Exercise data:
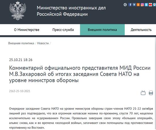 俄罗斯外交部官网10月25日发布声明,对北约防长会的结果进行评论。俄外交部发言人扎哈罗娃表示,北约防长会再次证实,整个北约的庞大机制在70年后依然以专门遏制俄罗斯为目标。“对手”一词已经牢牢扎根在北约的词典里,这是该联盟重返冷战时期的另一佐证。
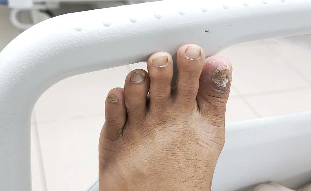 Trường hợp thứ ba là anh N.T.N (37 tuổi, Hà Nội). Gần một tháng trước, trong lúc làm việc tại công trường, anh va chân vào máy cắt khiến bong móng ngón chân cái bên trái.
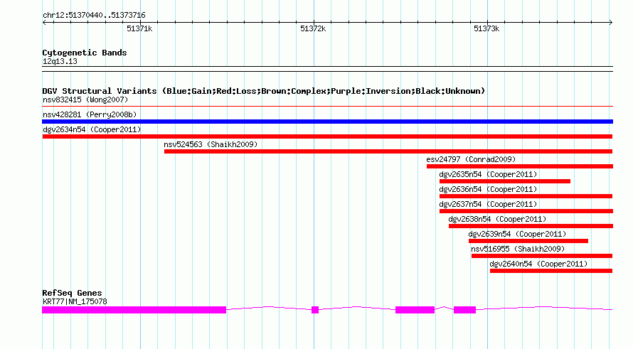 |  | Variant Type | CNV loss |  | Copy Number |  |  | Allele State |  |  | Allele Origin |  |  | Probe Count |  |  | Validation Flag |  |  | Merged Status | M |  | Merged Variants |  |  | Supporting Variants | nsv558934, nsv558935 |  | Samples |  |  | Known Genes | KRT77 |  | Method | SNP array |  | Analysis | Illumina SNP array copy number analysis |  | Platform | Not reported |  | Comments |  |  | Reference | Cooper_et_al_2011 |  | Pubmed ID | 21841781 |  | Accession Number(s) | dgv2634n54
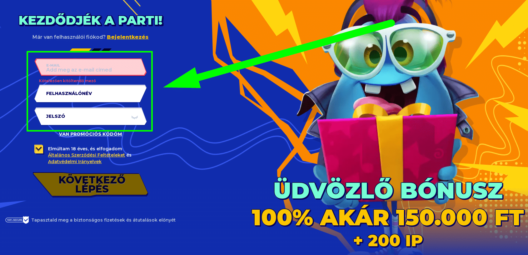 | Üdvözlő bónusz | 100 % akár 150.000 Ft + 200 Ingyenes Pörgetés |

Task objective: Pictures do not belong in the copy. Reproduce the rest of the data exactly.

Result:
 俄罗斯外交部官网10月25日发布声明,对北约防长会的结果进行评论。俄外交部发言人扎哈罗娃表示,北约防长会再次证实,整个北约的庞大机制在70年后依然以专门遏制俄罗斯为目标。“对手”一词已经牢牢扎根在北约的词典里,这是该联盟重返冷战时期的另一佐证。
 Trường hợp thứ ba là anh N.T.N (37 tuổi, Hà Nội). Gần một tháng trước, trong lúc làm việc tại công trường, anh va chân vào máy cắt khiến bong móng ngón chân cái bên trái.
 |  | Variant Type | CNV loss |  | Copy Number |  |  | Allele State |  |  | Allele Origin |  |  | Probe Count |  |  | Validation Flag |  |  | Merged Status | M |  | Merged Variants |  |  | Supporting Variants | nsv558934, nsv558935 |  | Samples |  |  | Known Genes | KRT77 |  | Method | SNP array |  | Analysis | Illumina SNP array copy number analysis |  | Platform | Not reported |  | Comments |  |  | Reference | Cooper_et_al_2011 |  | Pubmed ID | 21841781 |  | Accession Number(s) | dgv2634n54
 | Üdvözlő bónusz | 100 % akár 150.000 Ft + 200 Ingyenes Pörgetés |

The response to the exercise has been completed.